Jika menyangkut permasalahan Fengshui ini..ampun deh, bikin pusing. Harus
dengan warna ini, objek ini, ukuran ini, bentuk ini, waktu penciptaan hingga
posisi peletakan. Sungguh berat kini rasanya menjadi perupa kontemporer yang
juga harus mendalami budaya Fengshui. Disinilah terkadang kedekatan
komunikasi buyer dan perupa menjadi pendalaman budaya sebagai “interaksi
sosial melalui pesan”. Pesan lukisan seperti ini, pesan lukisan kayak itu.
Seiring perjalanan waktu dan proses kreatif yang meningkat dan
berkembang, sebuah karya seni yang terdedikasi dan berkualitas akan
menemukamn muaranya sendiri. Bukankah sering kita mendapat slogan bijak
dari para sesepuh yang telah sukses menjadi primadona pasar yang juga bisa
menjadi mitosnya sendiri “Sabarlah, berkaryalah terus, buat karya yang
hebat dan menarik, semuanya nanti ada waktunya, tunggu saja!” Abstrak
memang, namun apa daya, kita memang harus tetap berkarya dan berserah diri
( baik kepada Tuhan maupun para kolektor nyasar yang tiba-tiba memborong
lukisan kita, amien).
Pemaknaan mitos ini memang memiliki representasi yang misterius. Pada
dasarnya semua hal dapat menjadi mitos; satu mitos timbul untuk sementara
waktu dan tenggelam untuk waktu yang lain karena digantikan oleh berbagai
mitos lain. Mitos menjadi pegangan atas tanda-tanda yang hadir dan
menciptakan fungsinya sebagai penanda pada tingkatan yang lain.

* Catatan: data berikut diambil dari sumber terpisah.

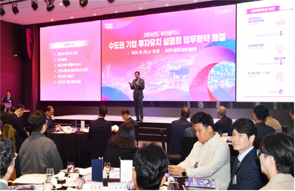 [한국Q뉴스] 부산시는 오늘 오전 11시, 서울 여의도 콘래드호텔에서 수도권 기업 대상으로 부산의 투자환경과 투자 특전을 설명하는 '수도권 투자유치 설명회'를 개최한다고 밝혔다.
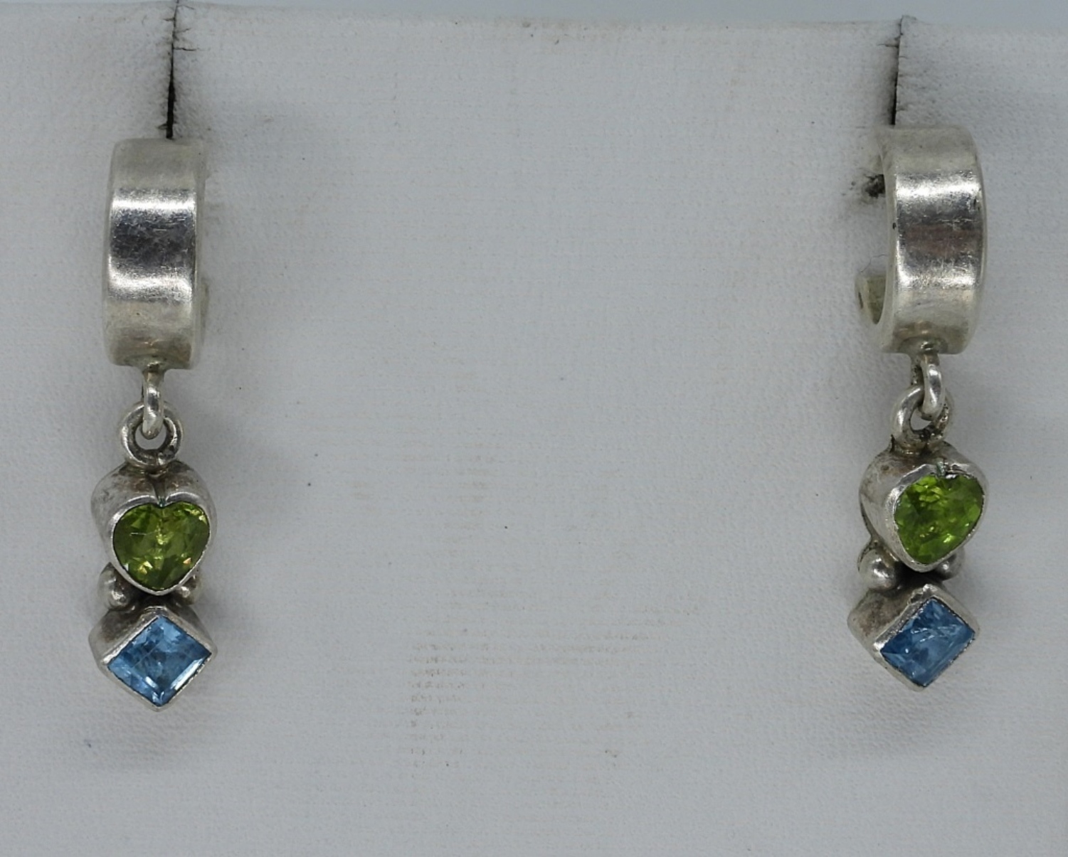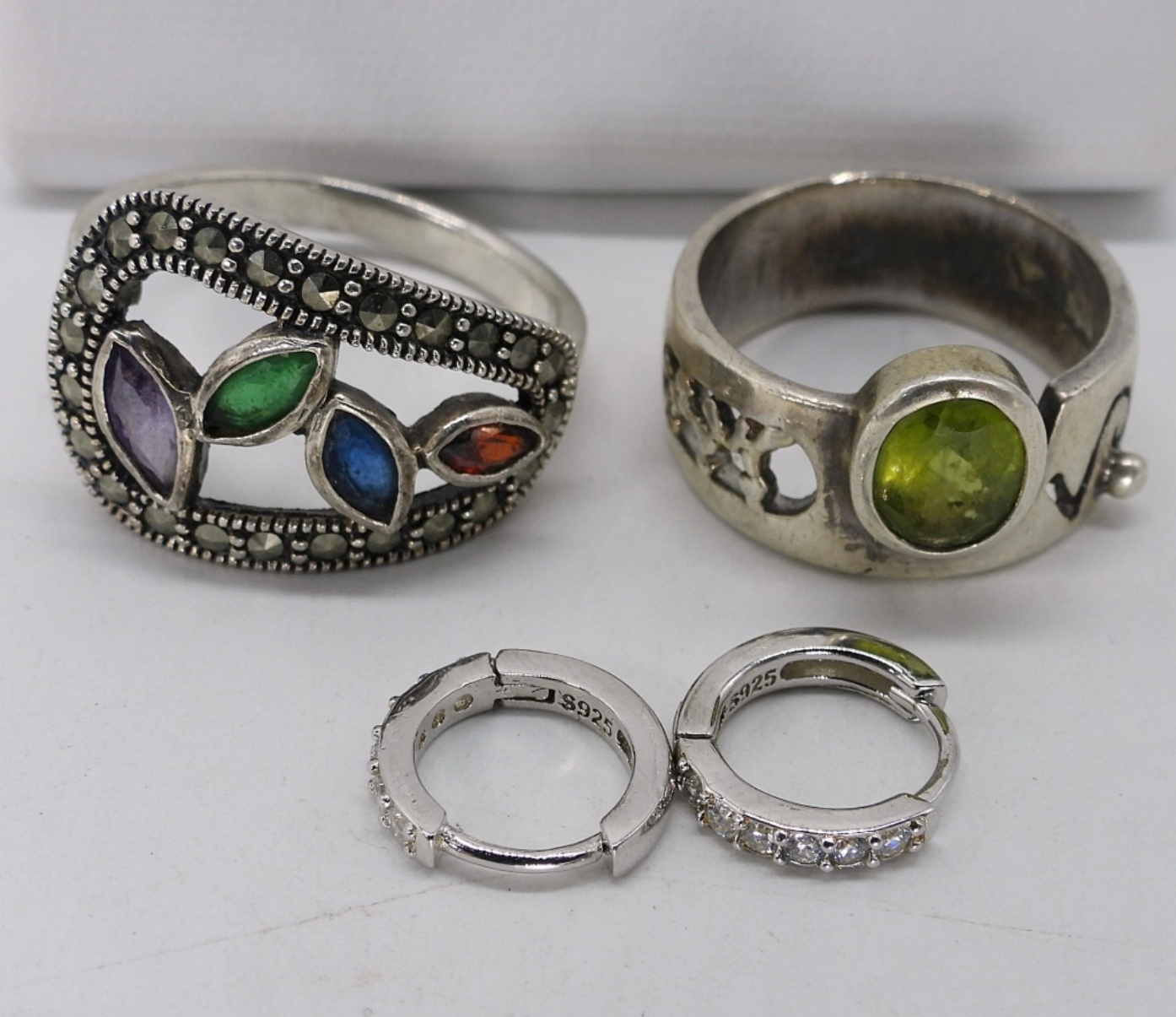 Two sterling rings with peridot and other gemstones, sizes 7 & 10. Two pair of sterling pierced earrings. (11 dwt)

Produksi mitos dalam teks ini berusaha membantu pembaca untuk
menggambarkan situasi sosial budaya seni rupa kontemporer, mungkin juga
politik yang ada disekelilingnya. Bagaimanapun mitos juga mempunyai dimensi
tambahan yang disebut naturalisasi. Melaluinya sistem makna menjadi masuk
akal dan diterima apa adanya pada suatu masa, dan mungkin tidak untuk masa
yang lain. Oleh sebab itu, apapun mitos seni yang berkembang disekitar proses
kreatifmu, pilihlah dengan bijaksana agar tidak menjadi korban injak sanainjak sini. Semua ini mitos temporer di era kontemporer kita, ada kalanya
berlaku saat ini namun belum tentu esok hari. Percayalah… Selamat berkarya.